In reality I could just do the 3 days cycling, but for a
fourth day it can be the day I have to do rounds for work or on the weeks I
have off it can be a walk with friends, or doing a 5K with my mom. Something
that’s just fun and enjoyable.
With this new plan…I felt…well…normal. I felt like I wasn’t
overdoing it (aka I still had that fear it wasn’t enough aka ED) but I didn’t
feel deprived from the activities I enjoyed. For the first time I felt a peace
about my new exercise routine. I felt it was a way of life I could maintain in
maintenance. Not too much…just enough.
So now I feel I have a true “exercise routine”: 4 days rest,
2 days cycle/strength, 1 day cycle/gentle yoga, one day fun activity.

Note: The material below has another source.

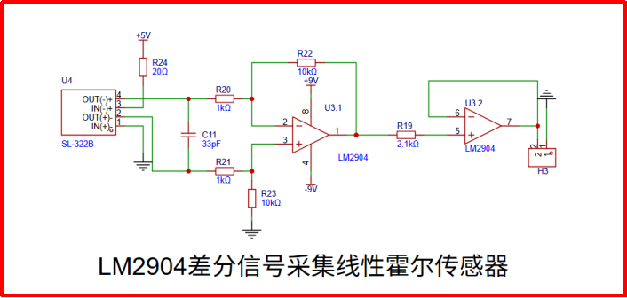 4.1圖一為薩科微運算放大器LM2904。該運放采集小信號進行放大,LM2904因其低輸入失調(diào)電壓和失調(diào)電流特點非常適合傳感放大器、音頻 放大器、工業(yè)控制、DC 增益部件和所有常規(guī)運算放大電路。上圖為薩科微LM2904差分采集的線性霍爾SL-322B經(jīng)過10倍放大輸出給MCU采集信號,來判斷磁場的位置和大小。線性霍爾SL-322B規(guī)格書有說明磁場強度對應(yīng)輸出電壓大小,經(jīng)過放大后就能得出該位置磁場值。該差分電路廣泛用于電壓采樣和電流采樣。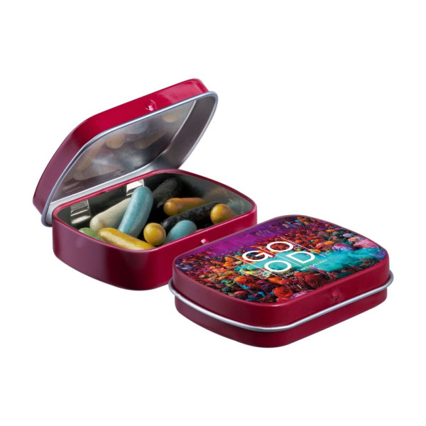 Mini weiße Klappdeckeldose mit ca. 23 Gramm Mini Choco's, vollfarbig bedruckt. Inklusive Inhaltsstoffaufkleber und eingeschweißt.

Now, as I said this is what is right for me and it has taken
me a while to get to the place I can tell on myself when I overdo it or when it
is getting obsessive. That doesn’t mean exercise in recovery is for everyone. I
also am (by some miracle) in relatively good health and it is okay for me to do
this. Again, that’s not true for everybody. And if I start to cancel things to go to spin or make it a priority over school/work then I will take it away from myself and tell my team.
So today was great. There were some struggles, but I started
on the new plan (except didn’t start on the surprise starch part yet). Yes, my timing
for meals got off, but that was so I could go to these amazing sessions. In the
end…I think it was worth it. And in the end I think this fear…even if it comes
true…it will be worth it too. For once....this plan....it's rid of ED. No restriction, no safe foods, no overexercise. This will be a true matter of trust and a true go at recovery.